(EXERCISE DIRECTIONS)
Print the data exactly. Pictures stay out.

(SUPPLIED INFORMATION)
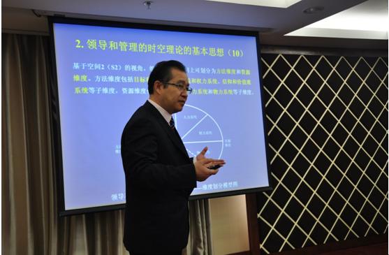陈国权教授带来了一场题为“领导和管理的时空理论”的学术报告。陈教授为了引入时空观念,将组织比喻成为一个时空系统,即任何组织都是一个时空的体系,包含时间和空间的因素。基于这个比喻,陈教授提出,领导者和管理者要从时空的视角来分析一个组织,要从“time”和“space”两个维度来同时分析和设计组织,领导者和管理者只有具有时空的思维,同时从动态和系统的角度来开展工作,才能够成功地领导和管理一个组织。在演讲的过程中,陈教授给出了几张象形文字图片,从时间和空间维度上来解析领导和管理的时空理论,并自己绘制的一幅画展示了他的领导和管理的时空理论,可谓是别出心裁,让人耳目一新。
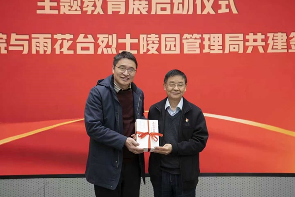 雨花台烈士纪念馆陈列展览处处长闻慧斌向三江学院赠送雨花英烈专题研究著作
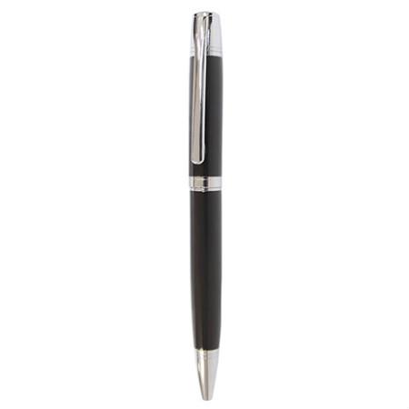 Caneta esferográfica de metal, corpo preto, detalhes prateados, carga azul e acionamento através de rotação.
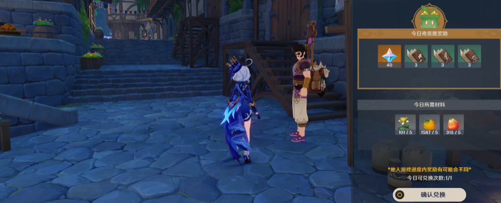 原神百货奇货第三天活动需要玩家收集甜甜花、树莓和日落果三种材料,与蒙德城商人立本兑换奇货匣奖励。立本的位置通常在晨曦酒庄大门右侧,具体坐标可通过地图追踪功能定位。每日提交材料后可获得40原石基础奖励,累计兑换五次还能解锁额外礼盒。若对当日奖励不满意,可前往好友世界选择其他属性的奇货匣。

(ANSWER BELOW)
陈国权教授带来了一场题为“领导和管理的时空理论”的学术报告。陈教授为了引入时空观念,将组织比喻成为一个时空系统,即任何组织都是一个时空的体系,包含时间和空间的因素。基于这个比喻,陈教授提出,领导者和管理者要从时空的视角来分析一个组织,要从“time”和“space”两个维度来同时分析和设计组织,领导者和管理者只有具有时空的思维,同时从动态和系统的角度来开展工作,才能够成功地领导和管理一个组织。在演讲的过程中,陈教授给出了几张象形文字图片,从时间和空间维度上来解析领导和管理的时空理论,并自己绘制的一幅画展示了他的领导和管理的时空理论,可谓是别出心裁,让人耳目一新。
 雨花台烈士纪念馆陈列展览处处长闻慧斌向三江学院赠送雨花英烈专题研究著作
 Caneta esferográfica de metal, corpo preto, detalhes prateados, carga azul e acionamento através de rotação.
 原神百货奇货第三天活动需要玩家收集甜甜花、树莓和日落果三种材料,与蒙德城商人立本兑换奇货匣奖励。立本的位置通常在晨曦酒庄大门右侧,具体坐标可通过地图追踪功能定位。每日提交材料后可获得40原石基础奖励,累计兑换五次还能解锁额外礼盒。若对当日奖励不满意,可前往好友世界选择其他属性的奇货匣。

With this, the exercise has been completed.